• Activity
Your copy of the listing must be exact and must hold no images.

• Material provided
- - - - - - -
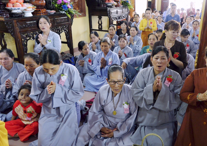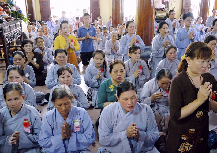 Vào lúc 10 giờ là nghi thức Cài Hoa Hồng, tưởng nhớ Tứ trọng ân, là ân Cha Mẹ, ân Thầy Tổ, ân Quốc gia và ân Chúng sanh vạn loại.
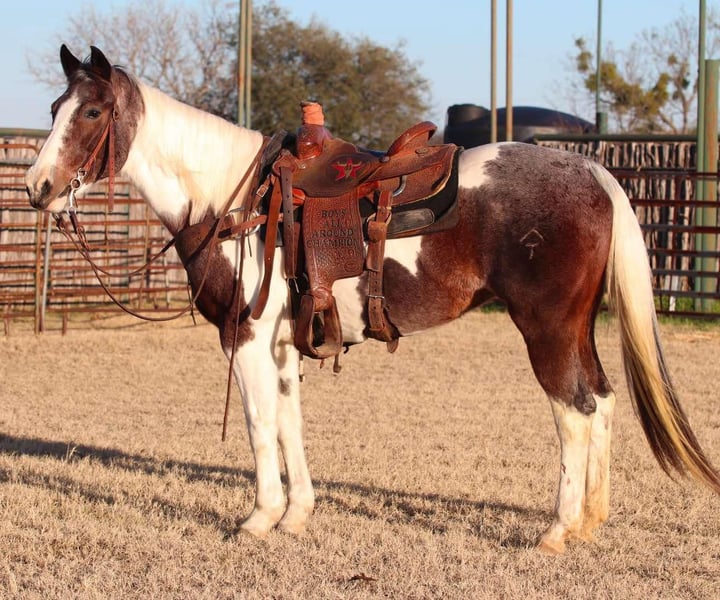 ONLINE AUCTION Place your bids at www.PlatinumEquineAuction.com Starting Bid $3500 Auction ends March 2nd, 2025 Need a new saddle? Check out White Rock Saddles on our website or Facebook! Miss Pie is an 13 year old grade mare. She stands at 15.1hh tall. She has the most precious face with the prettiest, gentle and kind eye. This sweet mare has been used for almost anything you can think of. She is an excellent trail horse! She will gladly climb up or down anything that you point her nose towards. Pie will happily go through any body of water without missing a beat. Pie is not spooky on the trails and can handle any situation that you might encounter, whether that be wildlife, fallen trees, ditches, or treacherous terrain. She is a great leader, but also has no issues falling behind in the back if you want her too. She is calm and sure footed! Pie has been hauled out to town and to rodeos with many distractions and crowds! Pie is a breeze to catch and will come up to you anytime she sees you at the gate. She will load in any trailer without any fuss. Pie is the perfect addition to any barn. He has such a sweet disposition and loves attention and affection. Located in Lipan, TX. We can help arrange hauling anywhere in the US, Hawaii or Canada! Please call or text Makenna Cosby 830-491-8866. ONLINE AUCTION Place your bids at www.PlatinumEquineAuction.com Starting Bid $3500 Auction ends March 2nd, 2025 Need a new saddle? Check out White Rock Saddles on our website or Facebook!
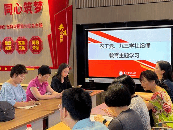 为深入贯彻习近平总书记在同党外人士共迎新春座谈会上的讲话精神,认真贯彻落实中央统战部、省委统战部有关支持高校各民主党派、无党派人士开展纪律教育通知要求。6月21日,华中师范大学农工党、九三学社在南湖综合楼党派活动中心会议室开展纪律教育学习活动。会议由农工党华中师范大学委员会主委张屹教授主持。
- - - - - - -
• The completed task
 Vào lúc 10 giờ là nghi thức Cài Hoa Hồng, tưởng nhớ Tứ trọng ân, là ân Cha Mẹ, ân Thầy Tổ, ân Quốc gia và ân Chúng sanh vạn loại.
 ONLINE AUCTION Place your bids at www.PlatinumEquineAuction.com Starting Bid $3500 Auction ends March 2nd, 2025 Need a new saddle? Check out White Rock Saddles on our website or Facebook! Miss Pie is an 13 year old grade mare. She stands at 15.1hh tall. She has the most precious face with the prettiest, gentle and kind eye. This sweet mare has been used for almost anything you can think of. She is an excellent trail horse! She will gladly climb up or down anything that you point her nose towards. Pie will happily go through any body of water without missing a beat. Pie is not spooky on the trails and can handle any situation that you might encounter, whether that be wildlife, fallen trees, ditches, or treacherous terrain. She is a great leader, but also has no issues falling behind in the back if you want her too. She is calm and sure footed! Pie has been hauled out to town and to rodeos with many distractions and crowds! Pie is a breeze to catch and will come up to you anytime she sees you at the gate. She will load in any trailer without any fuss. Pie is the perfect addition to any barn. He has such a sweet disposition and loves attention and affection. Located in Lipan, TX. We can help arrange hauling anywhere in the US, Hawaii or Canada! Please call or text Makenna Cosby 830-491-8866. ONLINE AUCTION Place your bids at www.PlatinumEquineAuction.com Starting Bid $3500 Auction ends March 2nd, 2025 Need a new saddle? Check out White Rock Saddles on our website or Facebook!
 为深入贯彻习近平总书记在同党外人士共迎新春座谈会上的讲话精神,认真贯彻落实中央统战部、省委统战部有关支持高校各民主党派、无党派人士开展纪律教育通知要求。6月21日,华中师范大学农工党、九三学社在南湖综合楼党派活动中心会议室开展纪律教育学习活动。会议由农工党华中师范大学委员会主委张屹教授主持。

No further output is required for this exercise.